Mariana Navarro de Guevara, in full Mariana Navarro de Guevara Romero (17 January 1565 – 17 April 1624) was a Spanish Roman Catholic nun who became a member of the Mercedarian Tertiaries. Upon admittance she took the religious name Mariana of Jesus. She was noted for a life of penance and an emphasis on devotion to the Eucharist and is sometimes called the "Lily of Madrid".

Pope Pius VI beatified her after the recognition of two miracles; the cause still continues.

==Life==
Mariana Navarro de Guevara was born on January 17, 1565 in Madrid, the oldest of six children and the only daughter. Her father was Ludovico Navarro Guevara and her mother was Joan Romero. Her father supplied leather goods to the Spanish court. The poet Lope de Vega was a playmate. His father was an embroiderer, and the people who worked for the court lived in the same neighborhood.

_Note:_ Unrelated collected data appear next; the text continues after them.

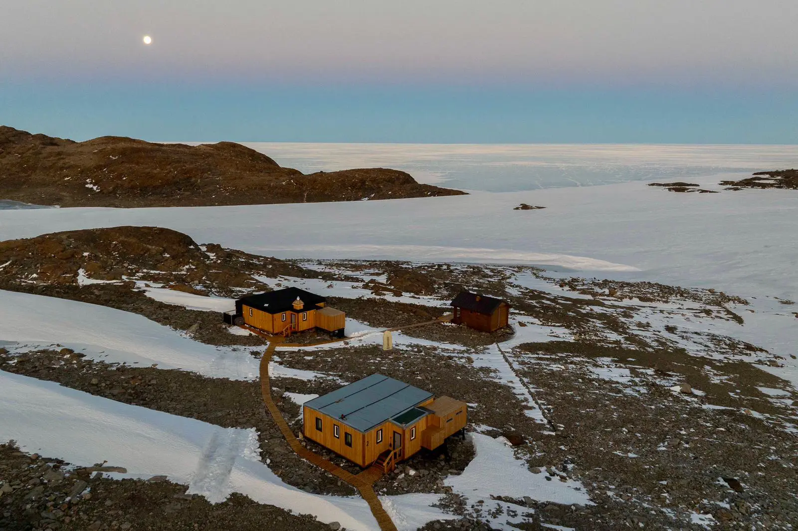 Nestled in our valley are three Scandinavian-style timber cabins – plus a traditional “Banya” sauna – gazing out towards the continental ice shelf.
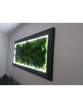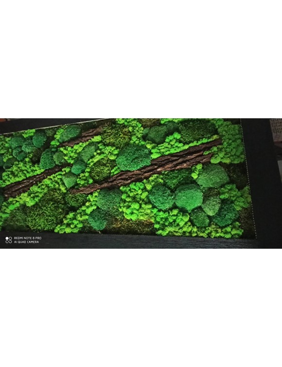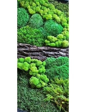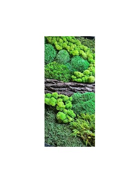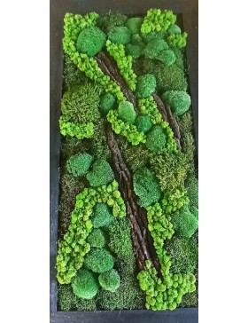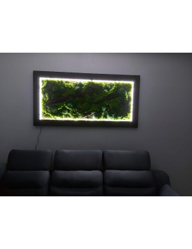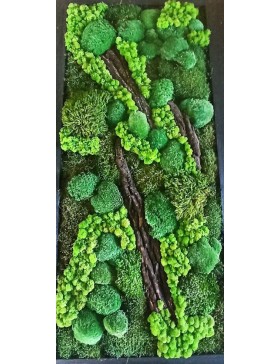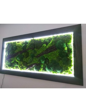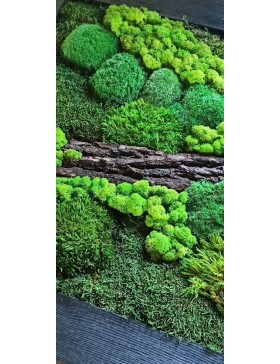 Obraz z mchów mieszanych z piękną stabilizowaną korą w czarnej drewnianej ramie o wymiarze 160x80cm. Istnieje możliwość zamówienie obrazu z oświetleniem led. To oryginalny gadżet, który ożywi każde pomieszczenie i przyciągnie wzrok odwiedzających. Doskonale zaprezentuje się jako obraz na ścianie. Obrazy z mchów to idealna dekoracja do łazienki, salonu, przedpokoju czy biura.
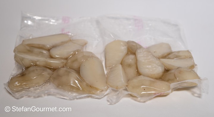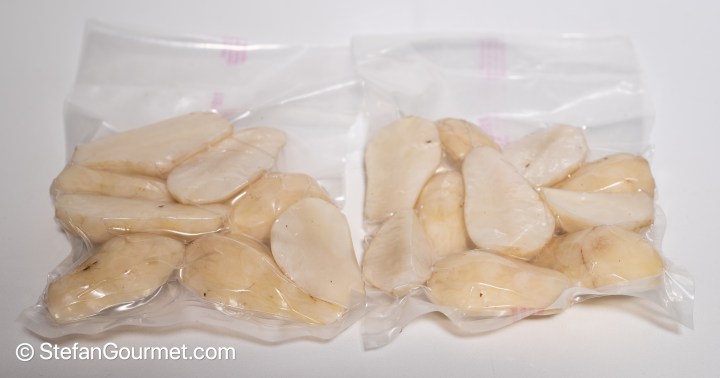 Peel the sunchokes, cut them into chunks, and vacuum seal. Make sure the thickness of the bag does not exceed 2.5 centimeters (1 inch), as otherwise a longer cooking time will be needed.

She was pious as a child and cared for her brothers after the death of her mother. Her father remarried and her new stepmother seemed to dislike her for reasons unknown. Her father desired that she get married and leave home but she desired to be married to Jesus Christ and to devote her life to him. She turned down a marriage proposal at the age of 23. She tried to join several religious orders but was not accepted because of an illness that prevented her from using her hands freely.

Guevara met a priest who suggested to her that she become a member of a religious order known as the Mercedarians. From 1598 her spiritual director was Fr. Jaun Bautista Ganzáles of the local Mercedarian house. In 1611 the discalced Mercedarians relocated to Santa Barbara, and she settled in a nearby cottage. She spent hours in worship of the Eucharist and counseled people who came to her for advice. She was well known for her patience and kindness with everyone she met. She became one of several tertiaries into the order who made their final profession in 1613. She took the name "Mariana of Jesus" and devoted herself to charitable acts towards the sick and the poor. She was distinguished by her life of penance, devotion to the Eucharist and her intense prayer life.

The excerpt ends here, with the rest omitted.